Needless to say, Natalia’s grandfather, a man of science, a rationalist, is maddened by this imperturbable little fortune-teller and tries to prove that Gavran is a charlatan until, in a gorgeously rendered scene, they meet on a hotel balcony overlooking a besieged Muslim town that the doctor knows will be razed the following morning.
But it is the third story, the one of a woman who falls in love with a tiger, that vaults Obreht’s novel from the pleasingly quirky to the insanely great. Part allegory, part bildungsroman, this tale, told from the perspective of Natalia’s grandfather when he was a nine-year-old boy in the early months of the Second World War, follows a tiger freed from his cage when the zoo is destroyed by German bombs.
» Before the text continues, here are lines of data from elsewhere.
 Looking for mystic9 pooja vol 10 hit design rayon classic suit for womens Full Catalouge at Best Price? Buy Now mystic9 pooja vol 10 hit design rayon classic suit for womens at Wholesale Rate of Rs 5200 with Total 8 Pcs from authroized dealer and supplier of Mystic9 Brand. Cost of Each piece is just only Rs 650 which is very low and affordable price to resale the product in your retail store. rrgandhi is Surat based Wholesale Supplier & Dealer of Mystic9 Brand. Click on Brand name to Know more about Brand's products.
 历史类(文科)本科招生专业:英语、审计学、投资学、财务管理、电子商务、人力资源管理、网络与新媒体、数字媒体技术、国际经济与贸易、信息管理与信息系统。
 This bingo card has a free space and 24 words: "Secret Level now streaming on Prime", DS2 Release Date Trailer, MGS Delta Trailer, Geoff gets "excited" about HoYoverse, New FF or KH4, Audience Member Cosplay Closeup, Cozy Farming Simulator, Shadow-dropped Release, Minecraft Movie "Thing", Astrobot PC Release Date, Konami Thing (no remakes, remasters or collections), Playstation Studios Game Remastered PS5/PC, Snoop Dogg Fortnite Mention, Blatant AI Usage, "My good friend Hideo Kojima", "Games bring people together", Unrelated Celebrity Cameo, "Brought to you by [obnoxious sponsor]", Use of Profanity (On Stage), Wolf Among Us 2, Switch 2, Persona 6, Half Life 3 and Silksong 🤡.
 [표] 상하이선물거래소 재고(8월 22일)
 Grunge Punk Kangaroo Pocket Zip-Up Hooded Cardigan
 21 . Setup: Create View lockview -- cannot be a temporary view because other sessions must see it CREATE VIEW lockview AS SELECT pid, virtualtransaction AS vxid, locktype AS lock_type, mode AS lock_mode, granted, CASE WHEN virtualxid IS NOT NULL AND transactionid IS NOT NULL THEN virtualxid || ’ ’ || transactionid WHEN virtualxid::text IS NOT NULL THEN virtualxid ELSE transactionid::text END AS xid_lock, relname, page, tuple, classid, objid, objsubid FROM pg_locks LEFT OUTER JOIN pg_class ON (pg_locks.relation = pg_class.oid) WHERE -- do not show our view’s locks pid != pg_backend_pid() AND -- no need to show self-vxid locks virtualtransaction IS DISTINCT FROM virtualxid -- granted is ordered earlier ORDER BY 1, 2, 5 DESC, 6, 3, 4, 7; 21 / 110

The tiger, “yellow-eyed and bright as a blood moon,” is first sighted high on a ridge above the small mountain town where Natalia’s grandfather grew up, but soon the famished beast is making forays into the village where, as Natalia’s young grandfather soon learns, he is being harbored by the deaf-mute wife of the town’s coarse and violent butcher. This is a novel that moves crab-wise, by digression, and early on this can be annoying, but with “The Tiger’s Wife” sections, which arrive in small, savory slices wedged between the more bland chunks of framing plot, frustration turns to delicious anticipation. Even her most minor characters are given elaborate back stories, each one more baroque and wondrously implausible than the last, which, when taken together, create a vivid, indelible portrait of a village that could only exist in a story, but all the same is more real than any place you will ever visit.
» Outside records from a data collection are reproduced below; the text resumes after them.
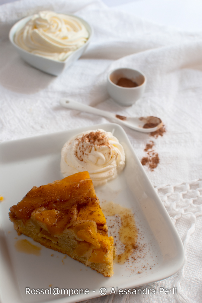 Posizionare una tortiera dal diametro di circa 22 cm (io ne ho usata una in alluminio, in alternativa si può usare una tortiera con cerchio apribile antiaderente) sul fornello e scaldare a fuoco basso. aggiunger eil burro a tocchetti e farlo sciogliere, aggiungere lo zucchero e la cannella e mescolare bene fino a quando non inizia a bollire. Aggiungere il rhum e mescolare qualche secondo e spegnere il fuoco. lasciare riposare mentre si preapara la base, a temperatura ambiente.
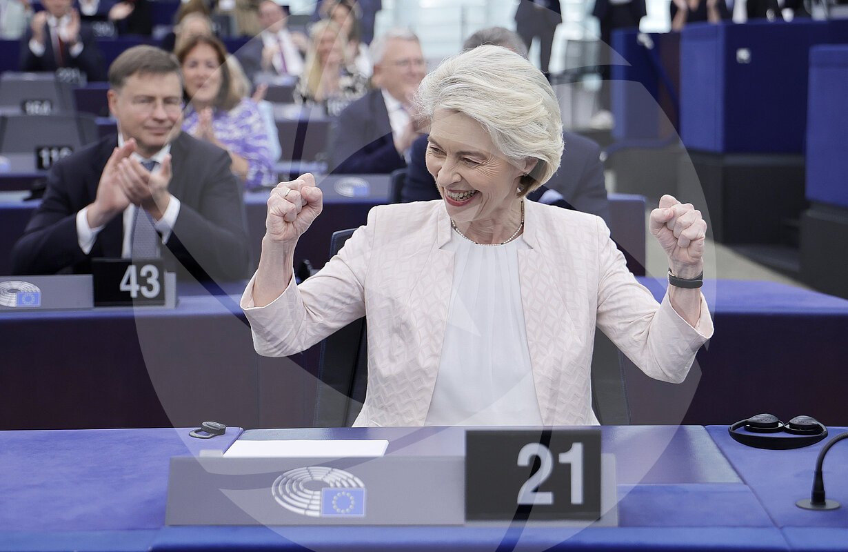 Ursula von der Leyen reagiert auf ihre Wiederwahl zur Präsidentin der Europäischen Kommission während einer Plenarsitzung des Europäischen Parlaments
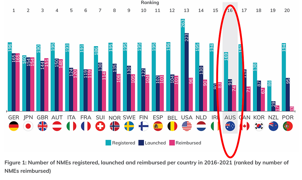 Despite more than 20 years of savings being delivered to the PBS, Australia still hasn't improved its ranking in international comparisons of patients' access to new medicines. Australians still wait too long for new therapies compared to their counterparts in other countries, and we often don't get the range of innovative medicines that people in the US, Europe, Japan and other peers get access to.
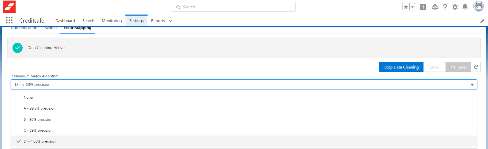 Als u gegevensopschoning Data Cleaning hebt ingeschakeld en u ziet geen bijgewerkte records, controleer dan het matchingalgoritme in de instellingen. We hebben patronen die variëren van sterke exacte overeenkomsten tot losse overeenkomsten, omdat we begrijpen dat klanten verschillende gebruikssituaties hebben. Mogelijk moet u het matchingalgoritme naar een lagere categorie verlagen.
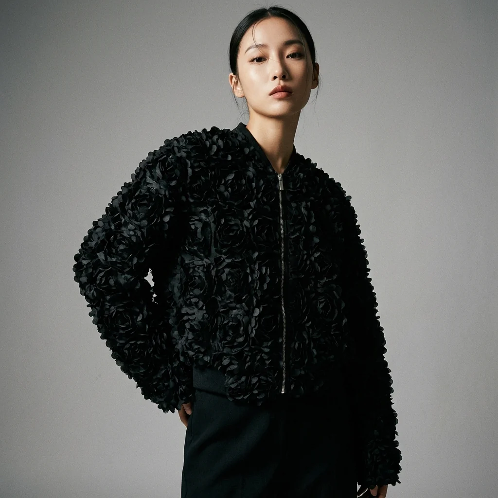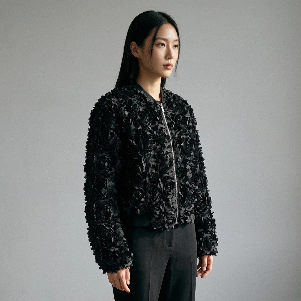 Découvrez notre Veste Florale Noire Coréenne, une pièce incontournable pour un look urbain et élégant. Son tissu texturé aux motifs floraux délicats apporte une touche de sophistication à ce blouson léger et confortable, parfait pour toutes les occasions. ✨
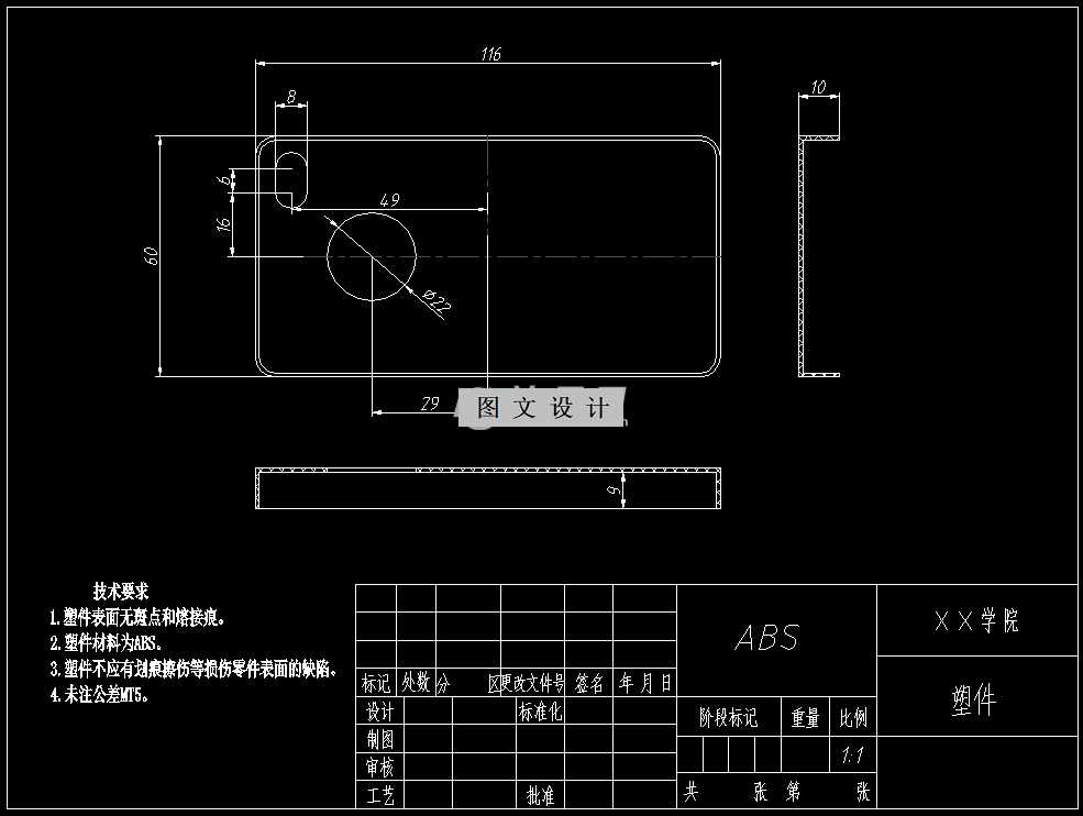 本课题主要是设计注塑模设计,通过对塑件的工艺性以及产品的外形进行分析,对浇注系统、分型面、模具成型部分的结构、推出机构、冷却系统都有了较详细的设计。采用一模2腔侧浇口的注塑模具设计,最终确定出的注塑模可以用来满足成型要求。

This, finally, I think, is Obreht’s theme, that the stories we tell ourselves are more real than the world we see with our two eyes. This can have fatal consequences, as when the story we tell ourselves is that the Muslim family that has lived next to ours for generations, is in fact part of a barbarian horde that must be driven from the land. Obreht is all too aware of this dark side of storytelling, but she seems to be saying that we cannot live without stories, that we create them naturally, spontaneously, in order to understand those wild edges of our world we cannot make sense of with our eyes alone. In one early flashback scene, set during the bombing of Belgrade, Natalia’s grandfather takes her out onto the street to see yet another zoo animal, in this case an elephant, freed from his cage by war. “No one will ever believe this,” Natalia tells him as the elephant passes them by.
Her grandfather is incredulous:
“You must be joking,” he said. “Look around. Think for a moment. It’s the middle of the night, not a soul anywhere… Not a dog in the gutter. Empty. Except for this elephant – and you’re going to tell your idiot friends about it? Why? Do you think they’ll understand it? Do you think it will matter to them?”
The Tiger’s Wife is Natalia’s – and Obreht’s – answer: I can make them understand, they seem to be saying, I can make them care, but only if I tell the story well enough.